» **Required action**
Transcribe each line of the material as it is, and drop any picture.

» **The data**

%%

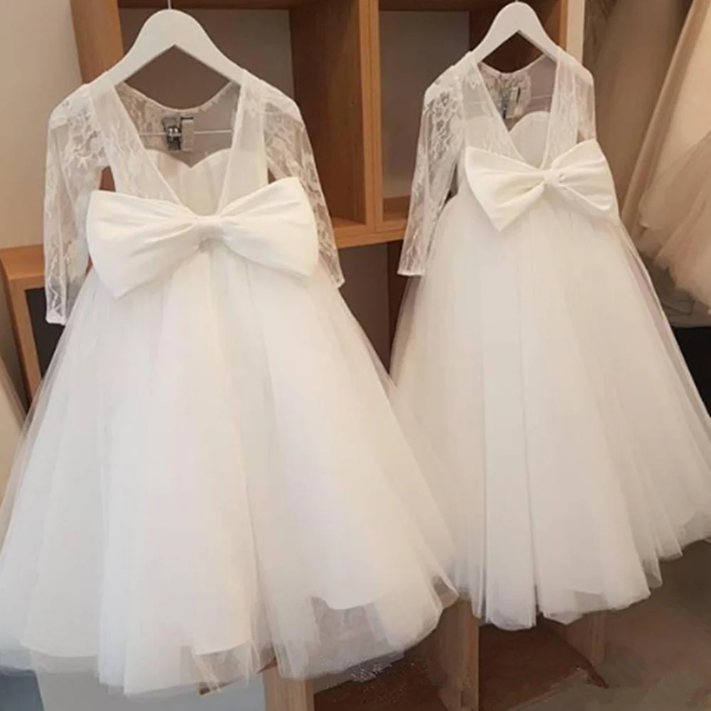 Белые Платья с цветочным узором для девочек на свадьбу; Кружевное платье с круглым вырезом и открытой спиной для девочек; Торжественное платье для первого причастия
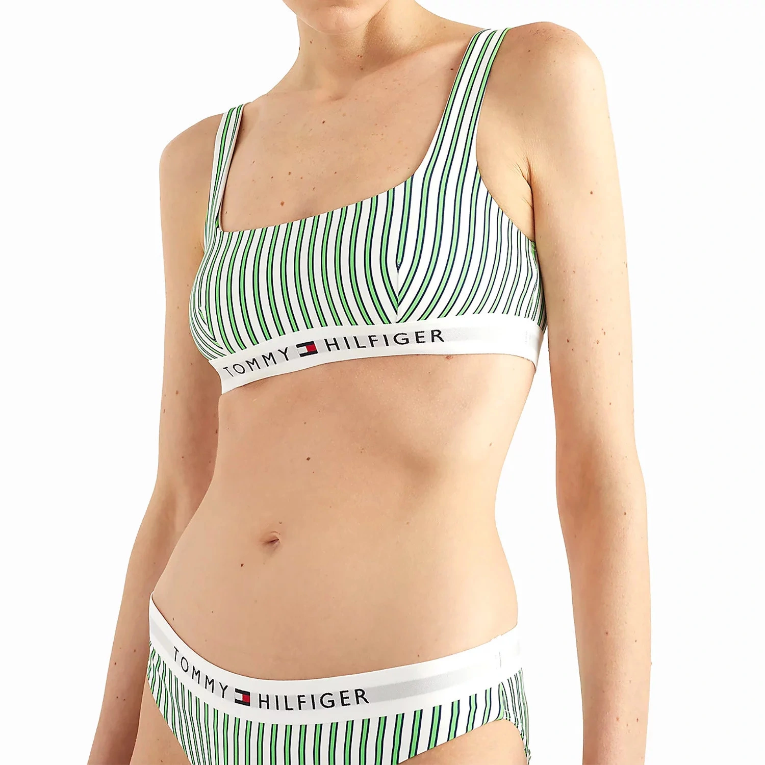 Tommy Hilfiger přináší horní díl plavek, který je vyroben z rychleschnoucího materiálu, což zajišťuje pohodlné nošení i po koupání. Tento kvalitní kousek je vyroben z 83% recyklovaného polyesteru a 17% elastanu, což zaručuje trvanlivost a pohodlí.
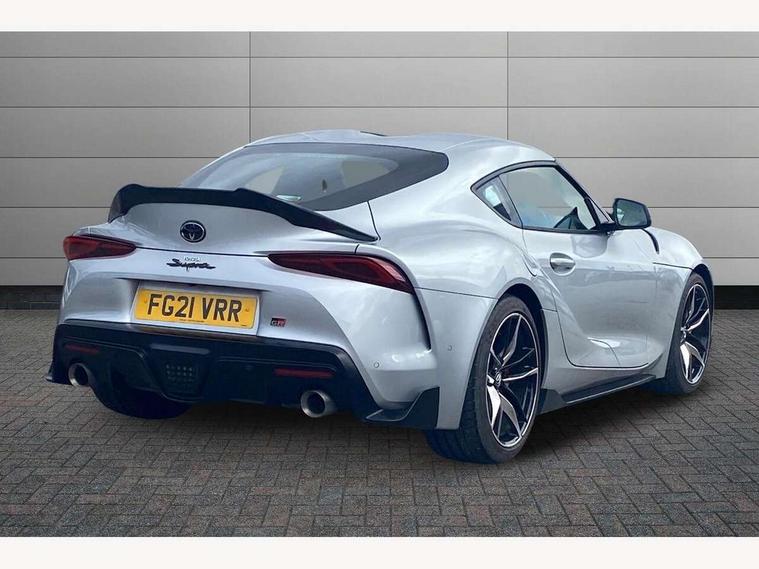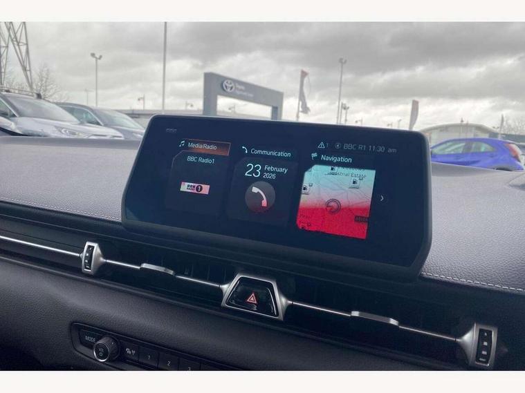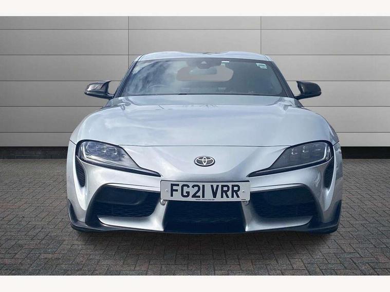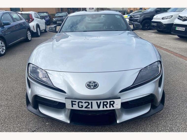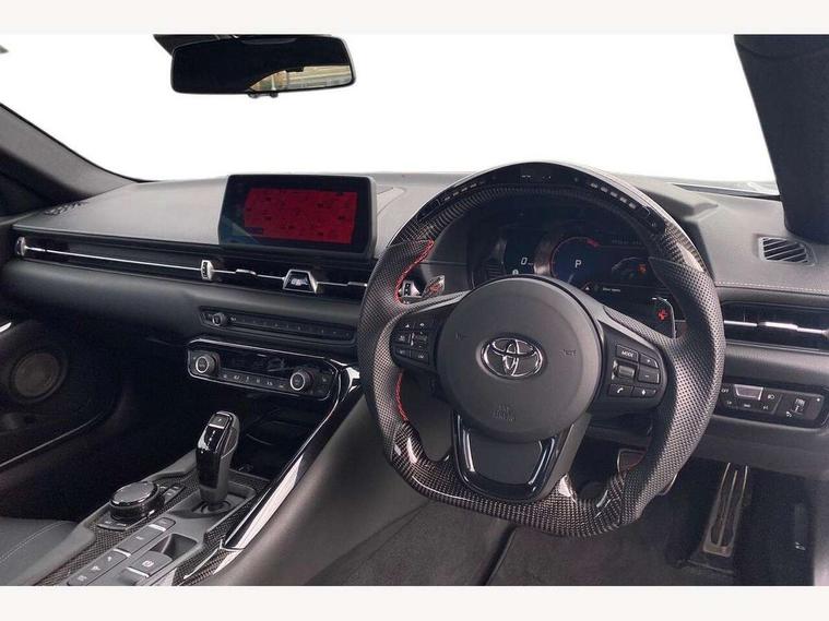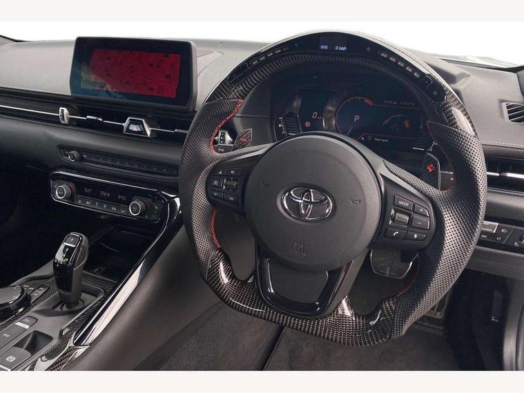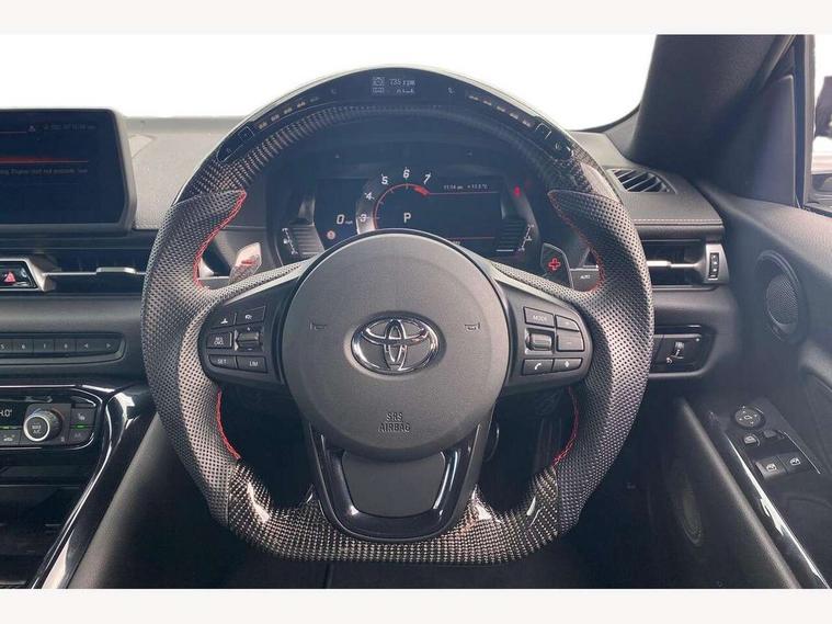 Adaptive cruise control with stop and go + steering wheel, Adjustable speed limiter, Blind spot monitor, Bluetooth handsfree system, Digital speedometer, Drive mode selector, Driver and passenger microphone, E-call, Front and rear parking sensors, Head up Display, Lane departure alert with steering control, PAS, Push button start, Rear collision warning, Rear cross traffic alert, Rear view camera, Remote boot door release in cabin, Road sign assist - RSA, Service indicator, Smartphone integration with Apple CarPlay, Sport drive mode, Start/stop system, Telephone switch on steering wheel, Toyota supra connect, Voice recognition, Wireless charger, Active sports differential, Adaptive variable suspension, Vehicle Stability Control (VSC), 2.1 amp USB connector, Audio switch on steering wheel, DAB Radio (Digital Audio Broadcasting), Glass integrated antenna, JBL premium sound system with 12 speakers, Toyota touch 2 with go navigation system, Auto adaptive high beam, Auto cut off headlamps, Auto dimming inside rear view mirror, Auto headlights, Automatic headlight levelling, Automatically retractable door mirrors, Boot door release with push button, Brushed stainless steel dual exhaust pipes, Cornering light, Electrically adjustable driver and passenger door mirrors with memory function, Electrochrome door mirrors, Follow me home headlights, Heated door mirrors, Indicators integrated on door mirrors, LED daytime running lamp, LED dual beam projector headlights, LED front light guide, LED High mounted stop light, LED Indicators, LED rear fog light, Piano black door mirrors, Rain sensing wipers, Reverse gear tilting passenger door mirror, 12V power outlets front and rear, Active sound control, Aluminium door scuff plates, Aluminium pedals, Boot light, Chrome insert on centre console, Door courtesy light, Driver and front passenger personal light, Driver and passenger seatback pockets, Driver seat memory function, Driver/passenger sunvisors and illuminated vanity mirrors, Dual zone automatic air conditioning, Electrically adjustable lumbar support for driver and front passenger, Electrically height adjustable, sliding and reclining front seats, Floor mats, Front cupholders, Front footwell lights, Front headrests, Front sports seats, Gear shift indicator, Glovebox light, Heated driver and front passenger seats, Leather steering wheel, Leather upholstery, Luggage holding net, Luggage hooks, Multimedia switches on steering wheel, Paddle shift controls, Power tilting cushion on driver seat, Tilt/telescopic adjustable steering wheel, Tonneau cover, Voice recognition switch on steering wheel, Child restraint system, Electronic parking brake, Emergency brake light system (EBS), Front seatbelt reminder, Pre-collision system with pedestrian and cyclist detection, Red sports rear brake caliper, Sports front brake caliper, Start holding control, Supplemental restraint system (SRS) airbags - 7 airbags including driver, front passenger, curtain, side and knee airbags, Traction control, Tyre pressure monitoring system, Immobiliser, Intrusion sensor and alarm, Locking wheel nuts, Power door locks, Remote door lock, Smart entry, Speed detecting automatic door lock, Tilt detection sensors, Carbon dash insert, 19" Black and silver forged alloy wheels, Tyre repair kit,

%%

» **Finished exercise**
 Белые Платья с цветочным узором для девочек на свадьбу; Кружевное платье с круглым вырезом и открытой спиной для девочек; Торжественное платье для первого причастия
 Tommy Hilfiger přináší horní díl plavek, který je vyroben z rychleschnoucího materiálu, což zajišťuje pohodlné nošení i po koupání. Tento kvalitní kousek je vyroben z 83% recyklovaného polyesteru a 17% elastanu, což zaručuje trvanlivost a pohodlí.
 Adaptive cruise control with stop and go + steering wheel, Adjustable speed limiter, Blind spot monitor, Bluetooth handsfree system, Digital speedometer, Drive mode selector, Driver and passenger microphone, E-call, Front and rear parking sensors, Head up Display, Lane departure alert with steering control, PAS, Push button start, Rear collision warning, Rear cross traffic alert, Rear view camera, Remote boot door release in cabin, Road sign assist - RSA, Service indicator, Smartphone integration with Apple CarPlay, Sport drive mode, Start/stop system, Telephone switch on steering wheel, Toyota supra connect, Voice recognition, Wireless charger, Active sports differential, Adaptive variable suspension, Vehicle Stability Control (VSC), 2.1 amp USB connector, Audio switch on steering wheel, DAB Radio (Digital Audio Broadcasting), Glass integrated antenna, JBL premium sound system with 12 speakers, Toyota touch 2 with go navigation system, Auto adaptive high beam, Auto cut off headlamps, Auto dimming inside rear view mirror, Auto headlights, Automatic headlight levelling, Automatically retractable door mirrors, Boot door release with push button, Brushed stainless steel dual exhaust pipes, Cornering light, Electrically adjustable driver and passenger door mirrors with memory function, Electrochrome door mirrors, Follow me home headlights, Heated door mirrors, Indicators integrated on door mirrors, LED daytime running lamp, LED dual beam projector headlights, LED front light guide, LED High mounted stop light, LED Indicators, LED rear fog light, Piano black door mirrors, Rain sensing wipers, Reverse gear tilting passenger door mirror, 12V power outlets front and rear, Active sound control, Aluminium door scuff plates, Aluminium pedals, Boot light, Chrome insert on centre console, Door courtesy light, Driver and front passenger personal light, Driver and passenger seatback pockets, Driver seat memory function, Driver/passenger sunvisors and illuminated vanity mirrors, Dual zone automatic air conditioning, Electrically adjustable lumbar support for driver and front passenger, Electrically height adjustable, sliding and reclining front seats, Floor mats, Front cupholders, Front footwell lights, Front headrests, Front sports seats, Gear shift indicator, Glovebox light, Heated driver and front passenger seats, Leather steering wheel, Leather upholstery, Luggage holding net, Luggage hooks, Multimedia switches on steering wheel, Paddle shift controls, Power tilting cushion on driver seat, Tilt/telescopic adjustable steering wheel, Tonneau cover, Voice recognition switch on steering wheel, Child restraint system, Electronic parking brake, Emergency brake light system (EBS), Front seatbelt reminder, Pre-collision system with pedestrian and cyclist detection, Red sports rear brake caliper, Sports front brake caliper, Start holding control, Supplemental restraint system (SRS) airbags - 7 airbags including driver, front passenger, curtain, side and knee airbags, Traction control, Tyre pressure monitoring system, Immobiliser, Intrusion sensor and alarm, Locking wheel nuts, Power door locks, Remote door lock, Smart entry, Speed detecting automatic door lock, Tilt detection sensors, Carbon dash insert, 19" Black and silver forged alloy wheels, Tyre repair kit,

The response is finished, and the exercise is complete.